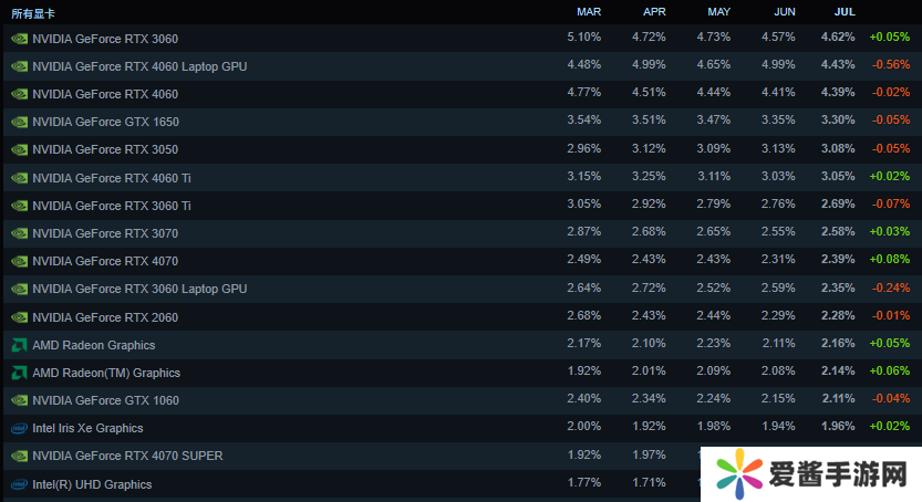 本站注意到,英伟达 RTX 3060 再次反超 RTX 4060(实际上月月反转),玩家仍惯用 16GB RAM、1920x1080 分辨率显示器。
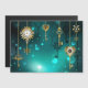 Goud, antiek sleutels met versnellingen en wijzerplaten hangen aan gouden kettingen op lichtgroene achtergrond.
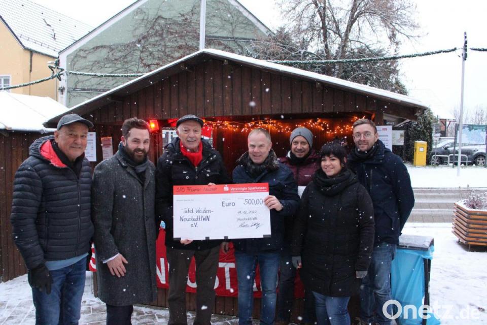 Die Neustädter SPD und die SPD-Stadtratsfraktion haben bewiesen, dass ihnen soziale Engagement sehr wichtig ist. Beim Adventsmarkt der Vereine wurden Tornadokartoffeln und Apfelsaft aus Neustädter Äpfeln angeboten. Als besonderer Gast wurde Josef Gebhardt, Vorsitzender der Weidener Tafel, begrüßt. Auch viele Neustädter und Flüchtlinge aus der Ukraine versorgen sich dort mit Lebensmitteln. Fraktionssprecher Rainer Hetz überreichte mit der Fraktion, dem Ortsverein und Bürgermeister Sebastian Dippold 500 Euro, teilte die SPD mit. „Dieses Geld wurde sonst für Weihnachtsgrußkarten verwendet, ist aber so sinnvoller angelegt und kommt den Menschen direkt zu Gute“, begründete Hetz bei der Übergabe. Bei der Verteilung von Nikolausgeschenken an Kinder von Bedürftigen haben Stefanie Färber und Dippold bei der Tafel an der Ausgabestelle in Weiden auch noch tatkräftig mitgeholfen. Gebhardt dankte für diese Hilfe und den finanziellen Beitrag.
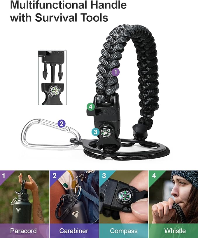 - Ready for adventures: The paracord handle is crafted from sturdy braided rope with an attached survival kit. This includes a compass, a whistle, and a clip, making it an ideal companion for any outdoor activity — be it camping,hiking or exploring new places through travelling.
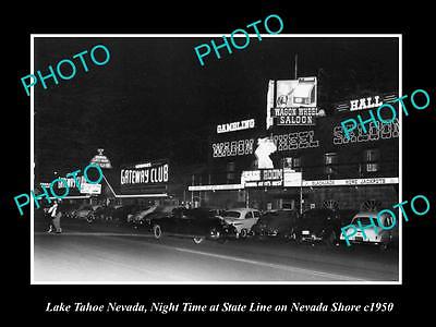 OLD LARGE HISTORIC PHOTO OF LAKE TAHOE NEVADA, GATEWAY CLUB & W/W SALOON c1950
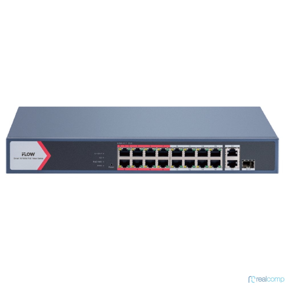 iFLOW F-SW-EM418POE-VM/L L2, Смарт-управляемый, 16 портов, 1 uplink порт 1000М RJ45, 1 гигабитный комбо-порт, 802.3af/at, бюджет питания PoE 130 Вт, поддержка режима передачи до 300м,10Мб/с, CAT6

--------------------------------

REQUIRED WORK: What is needed is an exact copy of the data, without any pictures.

WRITTEN ANSWER:
 本站注意到,英伟达 RTX 3060 再次反超 RTX 4060(实际上月月反转),玩家仍惯用 16GB RAM、1920x1080 分辨率显示器。
 Goud, antiek sleutels met versnellingen en wijzerplaten hangen aan gouden kettingen op lichtgroene achtergrond.
 Die Neustädter SPD und die SPD-Stadtratsfraktion haben bewiesen, dass ihnen soziale Engagement sehr wichtig ist. Beim Adventsmarkt der Vereine wurden Tornadokartoffeln und Apfelsaft aus Neustädter Äpfeln angeboten. Als besonderer Gast wurde Josef Gebhardt, Vorsitzender der Weidener Tafel, begrüßt. Auch viele Neustädter und Flüchtlinge aus der Ukraine versorgen sich dort mit Lebensmitteln. Fraktionssprecher Rainer Hetz überreichte mit der Fraktion, dem Ortsverein und Bürgermeister Sebastian Dippold 500 Euro, teilte die SPD mit. „Dieses Geld wurde sonst für Weihnachtsgrußkarten verwendet, ist aber so sinnvoller angelegt und kommt den Menschen direkt zu Gute“, begründete Hetz bei der Übergabe. Bei der Verteilung von Nikolausgeschenken an Kinder von Bedürftigen haben Stefanie Färber und Dippold bei der Tafel an der Ausgabestelle in Weiden auch noch tatkräftig mitgeholfen. Gebhardt dankte für diese Hilfe und den finanziellen Beitrag.
 - Ready for adventures: The paracord handle is crafted from sturdy braided rope with an attached survival kit. This includes a compass, a whistle, and a clip, making it an ideal companion for any outdoor activity — be it camping,hiking or exploring new places through travelling.
 OLD LARGE HISTORIC PHOTO OF LAKE TAHOE NEVADA, GATEWAY CLUB & W/W SALOON c1950
 iFLOW F-SW-EM418POE-VM/L L2, Смарт-управляемый, 16 портов, 1 uplink порт 1000М RJ45, 1 гигабитный комбо-порт, 802.3af/at, бюджет питания PoE 130 Вт, поддержка режима передачи до 300м,10Мб/с, CAT6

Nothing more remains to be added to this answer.